You generally find them hanging around busy street corners or in other areas that get lots of traffic. Their intent is to attract attention and apparently some community officials feel that they pose a serious threat.

They usually represent a small, visual shout with messages like:

“We hang Christmas lights.”

“Aeration and rototilling.”

“Earn money working from home!”

Perhaps the most insidious of all state:

“Lost kitten” or “Enrichment night tonight.”

The evil people who post these signs are perpetrating a criminal act and apparently some localities take it so seriously that they categorize it as a Class B Misdemeanor. That puts in on the level of crimes like shoplifting or vandalism. It is punishable by a fine of up to six months in jail or $1,000.

I have a family member who recently ran afoul of this law. He works in the construction industry and during these difficult economic times it has been a struggle to provide for his family. Lacking funds to do any major marketing, he thought he would try to generate some business by posting small signs on some street corners.

In the process of putting up the signs, he was spotted by a policeman who informed him his actions were a violation and told him to take the signs back down. In retracing his steps and removing the signs, he missed one. As a result, he was cited and called into court.

When he appeared, the prosecutor asked that he be put in jail for 10 days and given a substantial fine for his belligerent attitude toward the police officer. If you knew this person, you would understand the ridiculous of such a charge. He is totally non-confrontational. Gandhi was a violent tyrant by comparison.

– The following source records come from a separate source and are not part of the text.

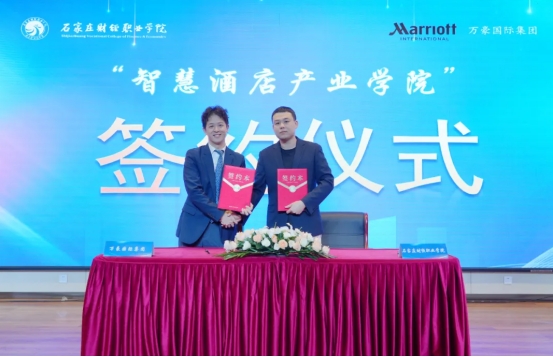 万豪国际集团大中华区校企关系高级经理朱程先生、学校副校长李同鑫,共同签署了“智慧酒店产业学院”合作协议;这份协议不仅仅是一份文件,更是双方共同的承诺和责任。它标志着双方将携手共进,为培养高素质的酒店人才而努力奋斗。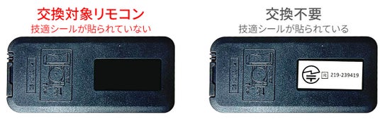 製品に付属しているリモコンの裏側に『技適シール』が貼られていないものが交換対象です。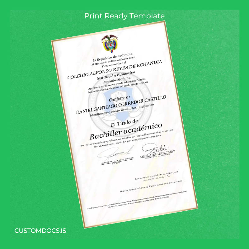 Embrace the simplicity and reliability of a structurally sound and aesthetically polished design crafted specifically for the Colombia Colegio Alfonso Reyes de Echan dia High School community, ensuring your diploma looks authentic and professional. Whether you are replacing a lost certificate or creating a backup document, this customizable Word and PDF template guarantees speed, accuracy, and quality in your diploma management.

I can only speculate that the policemen must have confused him with someone else.

Fortunately after hearing both sides, the judge reduced the crime to a Class C misdemeanor and levied a small fine.

I understand that city officials don’t want every utility pole or corner fence covered with signs for garage sales that never get taken down. But to seek jail time or a hefty fine for something that causes little public harm seems over the top. People who talk on cell phones or who text while driving create a more serious societal hazard.

Perhaps some local communities see enforcement of this ordinance as primarily a revenue source. In that case, maybe they need to crack down on young children who sell lemonade on the roadside without a business license.